#### [Your instructions]
Below are the records; extract from them the line containing "Sidontavyösarja neljälle pyörälle." to the line containing "Table de jardin", both lines included, exactly and with no pictures.

BEGIN Raw data

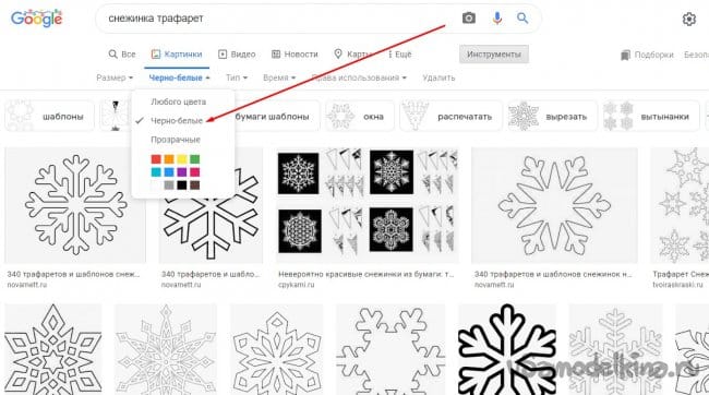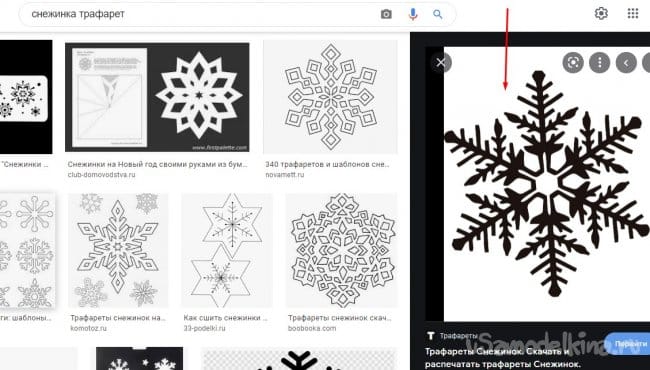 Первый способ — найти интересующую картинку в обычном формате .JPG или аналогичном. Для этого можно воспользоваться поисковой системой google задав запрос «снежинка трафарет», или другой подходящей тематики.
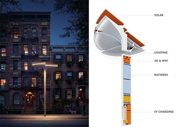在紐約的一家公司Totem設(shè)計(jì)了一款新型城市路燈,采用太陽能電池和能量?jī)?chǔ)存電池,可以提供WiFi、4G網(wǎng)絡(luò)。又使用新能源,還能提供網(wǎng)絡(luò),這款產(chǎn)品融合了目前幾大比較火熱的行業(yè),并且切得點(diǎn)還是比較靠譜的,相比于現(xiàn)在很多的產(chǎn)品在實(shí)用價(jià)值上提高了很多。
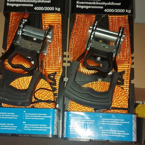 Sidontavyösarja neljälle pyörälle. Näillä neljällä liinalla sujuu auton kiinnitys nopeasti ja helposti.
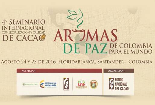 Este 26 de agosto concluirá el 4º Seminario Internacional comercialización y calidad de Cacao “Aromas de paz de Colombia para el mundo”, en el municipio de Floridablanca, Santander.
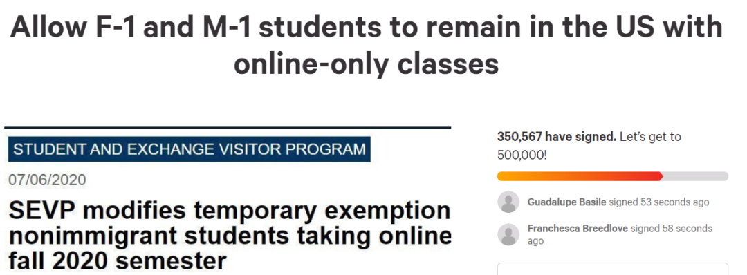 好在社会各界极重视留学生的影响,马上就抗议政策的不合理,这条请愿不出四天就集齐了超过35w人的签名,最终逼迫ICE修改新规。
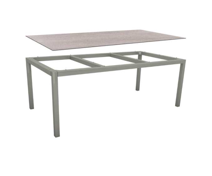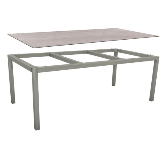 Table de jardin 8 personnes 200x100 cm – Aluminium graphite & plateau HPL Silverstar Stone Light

END Raw data
BEGIN Raw data

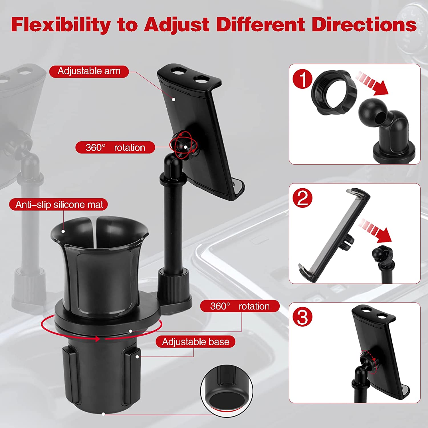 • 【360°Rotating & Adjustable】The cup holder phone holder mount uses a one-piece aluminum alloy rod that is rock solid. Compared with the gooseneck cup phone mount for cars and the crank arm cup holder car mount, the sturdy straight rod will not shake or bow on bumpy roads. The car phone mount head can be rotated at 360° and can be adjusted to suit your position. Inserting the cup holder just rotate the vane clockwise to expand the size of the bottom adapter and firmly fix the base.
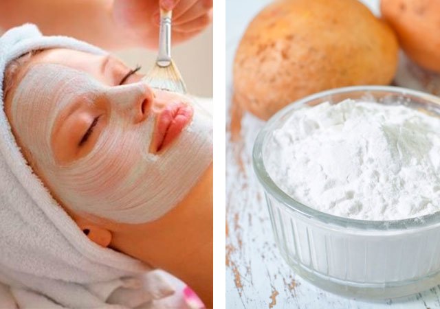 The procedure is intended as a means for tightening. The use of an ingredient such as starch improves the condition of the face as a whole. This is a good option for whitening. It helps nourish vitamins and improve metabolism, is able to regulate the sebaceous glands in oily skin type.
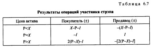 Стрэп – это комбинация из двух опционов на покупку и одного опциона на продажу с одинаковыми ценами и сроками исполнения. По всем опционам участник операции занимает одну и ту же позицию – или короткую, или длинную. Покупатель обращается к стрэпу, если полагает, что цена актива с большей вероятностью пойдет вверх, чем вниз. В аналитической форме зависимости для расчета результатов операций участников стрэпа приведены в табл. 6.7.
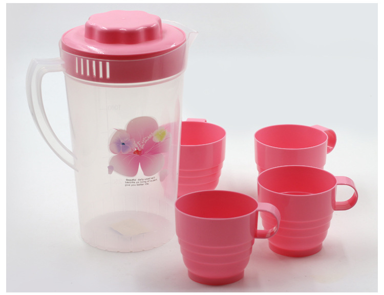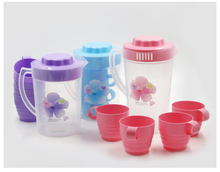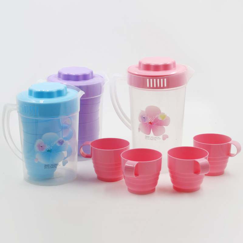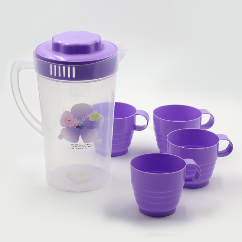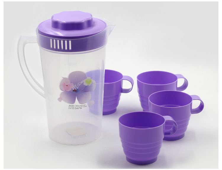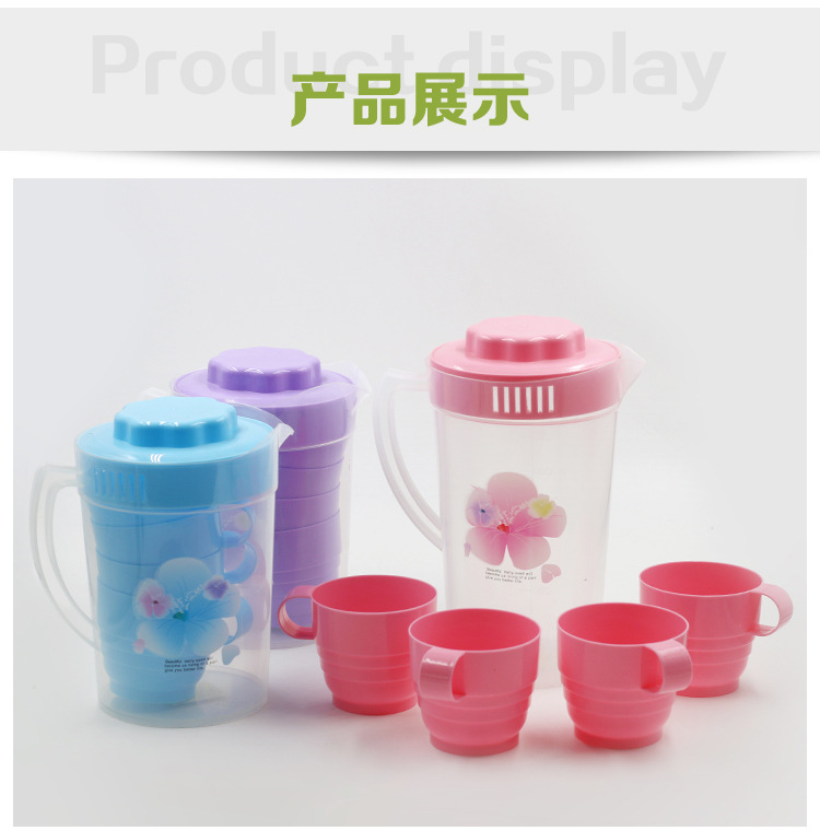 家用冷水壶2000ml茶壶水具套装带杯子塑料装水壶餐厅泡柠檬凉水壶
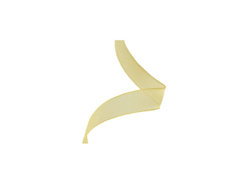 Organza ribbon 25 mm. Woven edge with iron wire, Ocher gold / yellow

END Raw data
BEGIN Raw data

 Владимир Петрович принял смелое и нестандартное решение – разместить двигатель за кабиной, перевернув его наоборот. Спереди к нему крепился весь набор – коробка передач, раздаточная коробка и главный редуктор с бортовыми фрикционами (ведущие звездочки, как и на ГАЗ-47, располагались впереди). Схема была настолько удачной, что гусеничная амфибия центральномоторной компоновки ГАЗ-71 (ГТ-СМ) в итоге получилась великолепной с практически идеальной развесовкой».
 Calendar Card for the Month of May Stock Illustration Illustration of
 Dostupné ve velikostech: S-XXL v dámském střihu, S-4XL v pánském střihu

END Raw data

#### [Solution to the exercise]
 Sidontavyösarja neljälle pyörälle. Näillä neljällä liinalla sujuu auton kiinnitys nopeasti ja helposti.
 Este 26 de agosto concluirá el 4º Seminario Internacional comercialización y calidad de Cacao “Aromas de paz de Colombia para el mundo”, en el municipio de Floridablanca, Santander.
 好在社会各界极重视留学生的影响,马上就抗议政策的不合理,这条请愿不出四天就集齐了超过35w人的签名,最终逼迫ICE修改新规。
 Table de jardin 8 personnes 200x100 cm – Aluminium graphite & plateau HPL Silverstar Stone Light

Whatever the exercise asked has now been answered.